Kubernetes (k8s) is gaining immense popularity in the tech community, with more people now running extensive data workloads on the platform. However, the question arises: Is it realistically achievable to run Spark on Kubernetes? While many clients have successfully managed to do so, they encountered various challenges, particularly related to cost, performance, and scalability.
Today, we are excited to share our experience in enabling one of our client's teams to effectively debug and troubleshoot their complex infrastructure while running Spark on Kubernetes. Despite the obstacles faced, our expertise and tailored solutions helped overcome these issues and achieve a well-functioning setup for their data workloads.
Running Apache Spark workloads on Amazon EKS (Amazon Elastic Kubernetes Service) indeed offers numerous benefits, but it can come with certain challenges, particularly in terms of transparency into the ETL (Extract, Transform, Load) process. As the Spark jobs grow larger and more complex, it becomes increasingly difficult to pinpoint the exact line of code that went wrong or to understand the runtime behavior of the entire process.
As an engineer, gaining runtime visibility is of paramount importance for effective debugging and troubleshooting. Without clear insights into the code execution and job performance, it becomes challenging to identify "smelling" code or bottlenecks that might be affecting efficiency.
To address this issue and ensure code efficiency, one of the strategies is to set up interactive Spark environments, which empower Spark engineers to experiment with data processing logic and instantly observe results. This feature facilitates efficient iterative development and streamlined debugging, enabling quick identification and resolution of issues. Moreover, it provides a sandbox for performance tuning, optimizing Spark jobs before deployment, and fosters seamless collaboration and knowledge sharing within engineering teams.
When running Spark on Kubernetes, you unlock the potential for efficient resource allocation and scalability, ensuring optimal resource utilization in response to varying workloads. The support for containerization and multi-tenancy enhances isolation and portability, allowing Spark applications to maintain consistent performance across diverse infrastructure environments.
spark-submit
can be directly used to submit a Spark application to a Kubernetes cluster. The submission mechanism works as follows:
Spark creates a Spark driver running within a Kubernetes pod.

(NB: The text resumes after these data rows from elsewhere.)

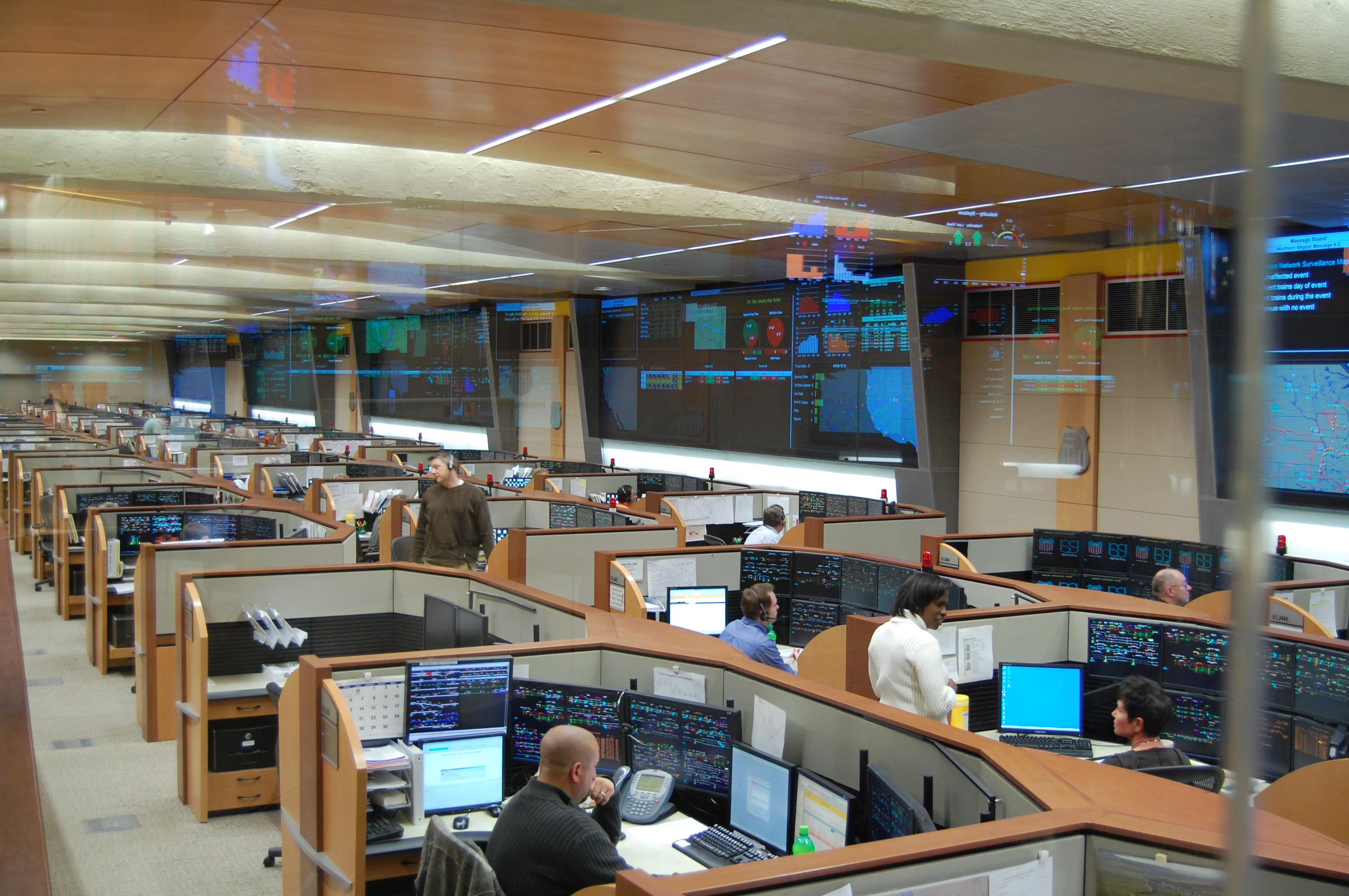 This is where the action happens at Union Pacific's Harriman Dispatching Center. It is staffed 24 hours per day, 365 days per year to make sure the company's entire rail network is operating smoothly. The room is surrounded by state-of-the-art sound-absorbing panels and acoustic cloud wood ceilings, the same technologies found in modern concert halls. Visit for more. (The America's Power Team took this photo during the 2009 Factuality Tour.)
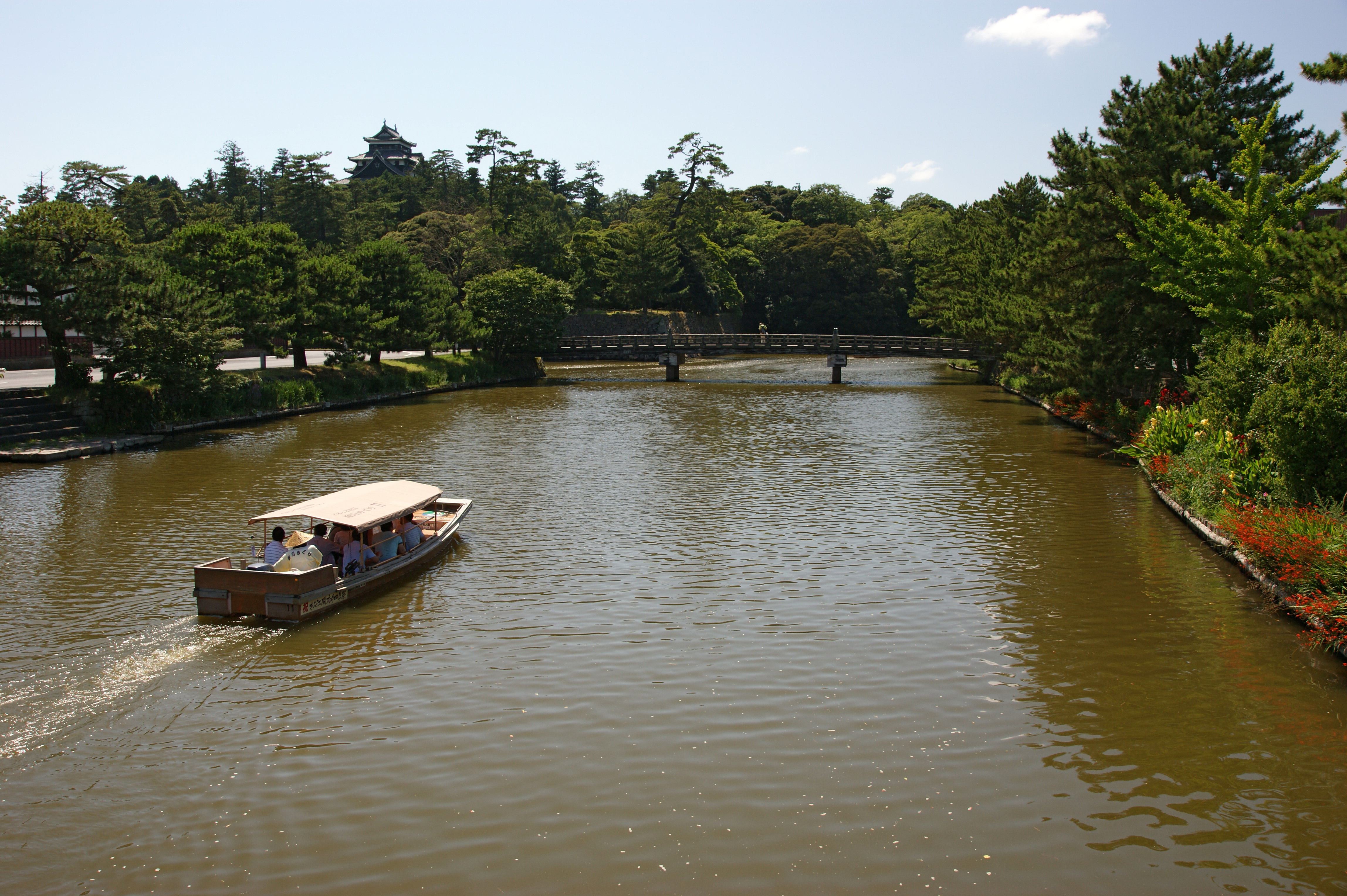 Matsue Castle in Matsue, Shimane prefecture, Japan
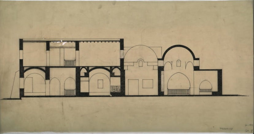 Section showing the craft exhibition hall of New Gourna Village
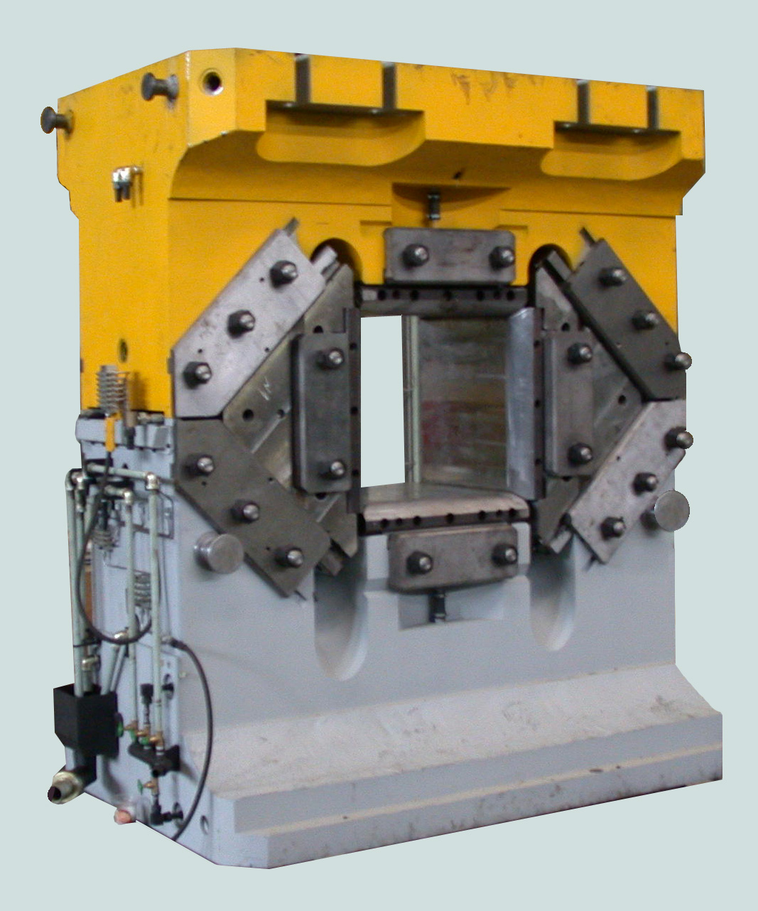 Four-die forging device is a special forging tool to make forgings with long axis (bars, shafts, tubes, etc.) by four-side radial forging method at a hydraulic forging press
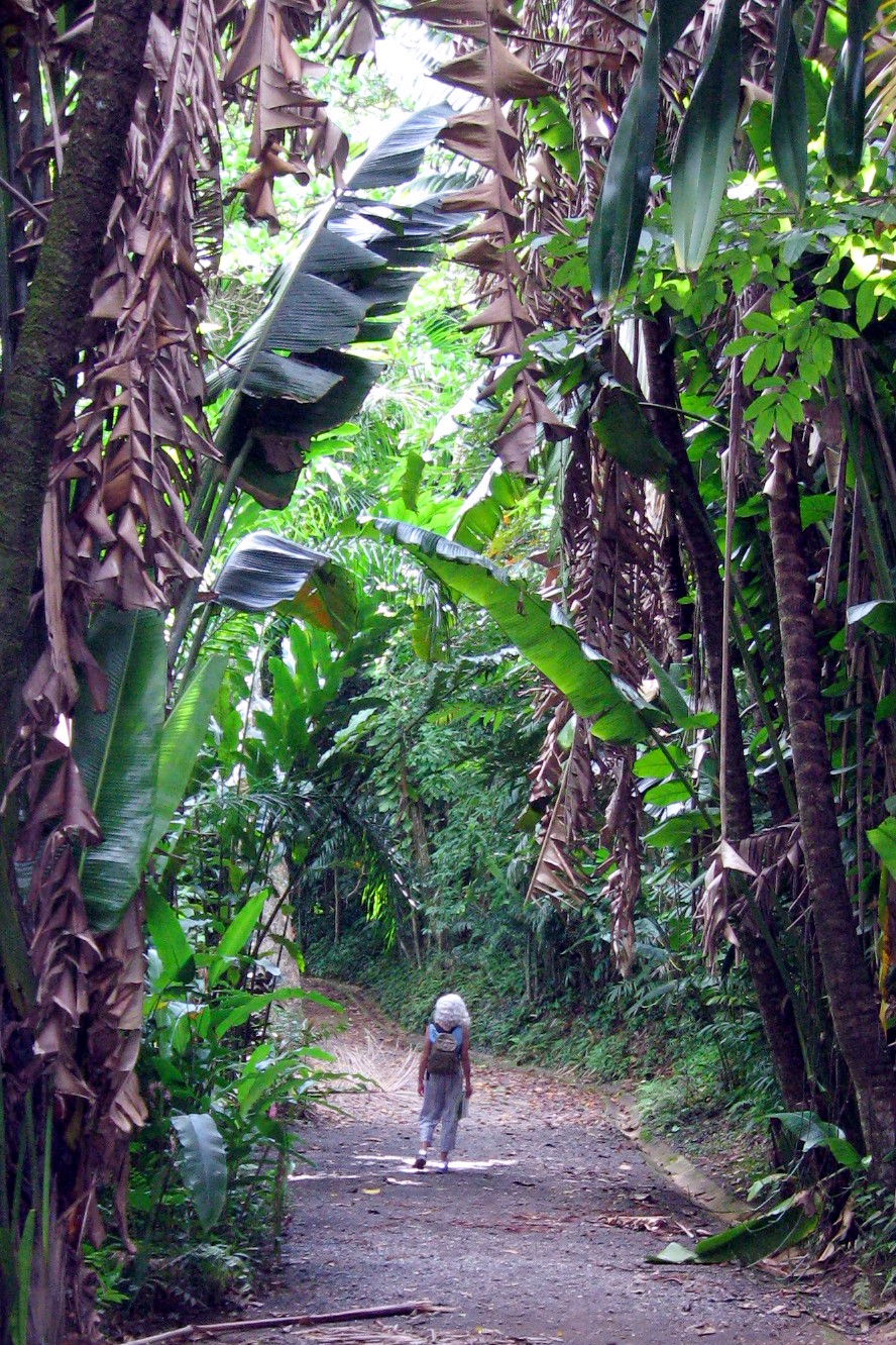 Walk path @ the University of Puerto Rico Botanical Gardens
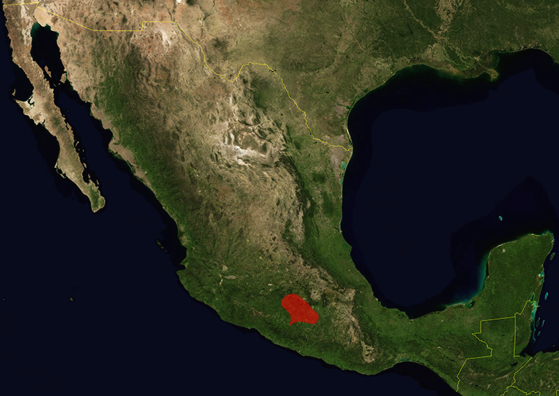 Distribution of Brachypelma albiceps in Mexico.
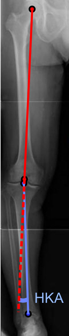 Projectional radiograph of the right leg, with hip-knee-ankle angle (HKA)
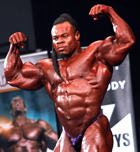 Will Smith 2009 IFBB Australian Pro Grand Prix IX
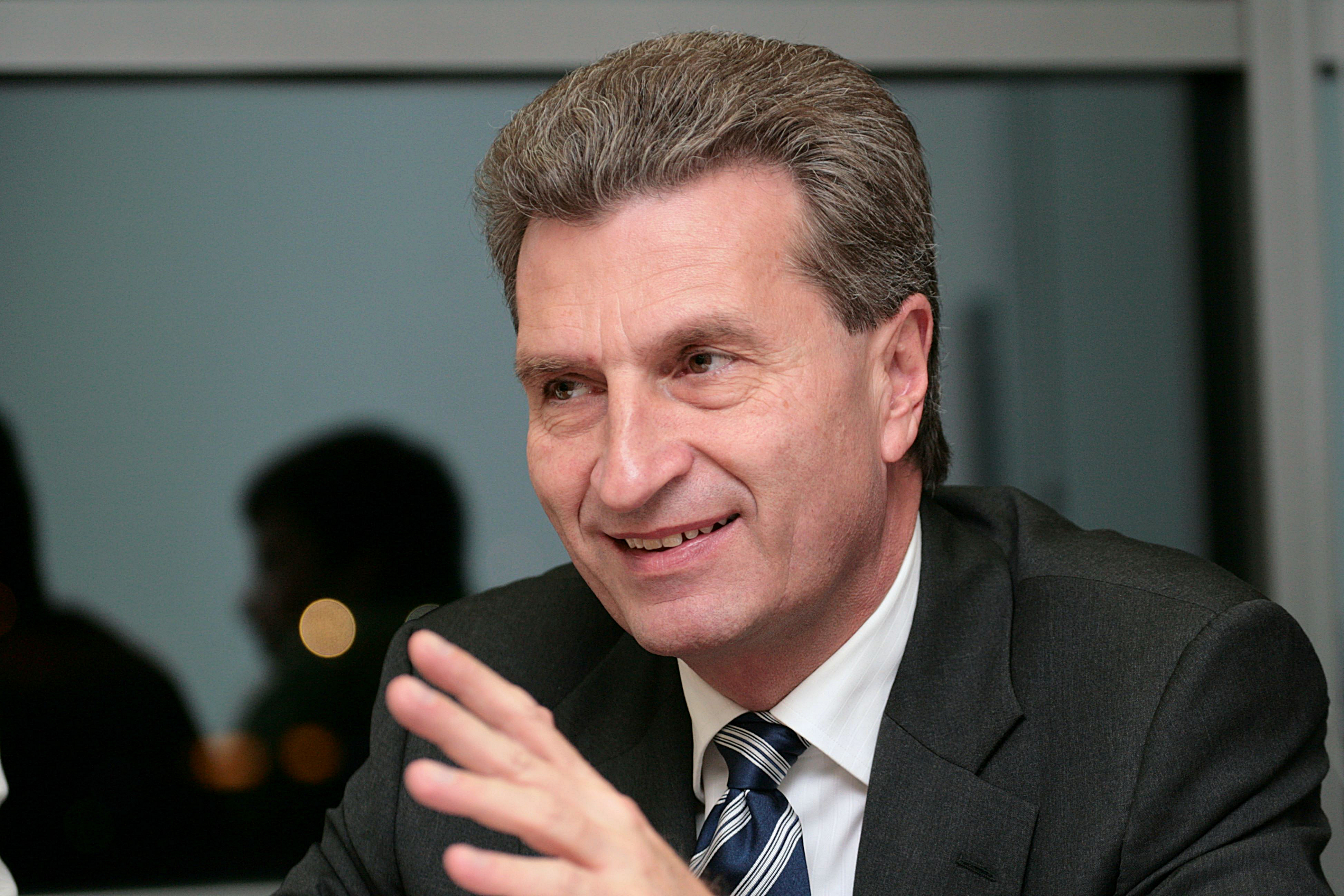 Günther H. Oettinger, former (until 2010-02-10) prime minister of Baden-Württemberg, Germany

The driver creates executors which are also running within Kubernetes pods and connects to them, and executes application code.
When the application completes, the executor pods terminate and are cleaned up, but the driver pod persists logs and remains in “completed” state in the Kubernetes API until it’s eventually garbage collected or manually cleaned up
In cluster mode, Spark driver and executor processes are run in separate containers within the Amazon EKS cluster. In this mode, the Spark driver, responsible for managing the Spark application and orchestrating tasks, runs on one or more containers, while the Spark executors, responsible for executing the actual data processing tasks, run on separate containers. Cluster mode is used to run production jobs.
In client mode, Spark driver runs outside of the Amazon EKS cluster, typically on the client machine from which the Spark application is submitted. In this mode, the Spark driver communicates with the Kubernetes API server to request the execution of Spark executors on the Kubernetes cluster nodes. Client mode is more used for development and debugging jobs.
At ASCENDING, we're all about providing cloud-based solutions that fit your unique needs, we understand each client has different technical maturity. As proud partners of AWS, Snowflake, and Microsoft Azure, we've got the latest and greatest technology to boost your speed and efficiency.
We have collaborated with numerous customers on their Spark workloads. As the Spark workload expanded, our clients recognized the significance of using the appropriate tools. This not only helped them save on infrastructure costs but also significantly improved the work velocity for their engineers.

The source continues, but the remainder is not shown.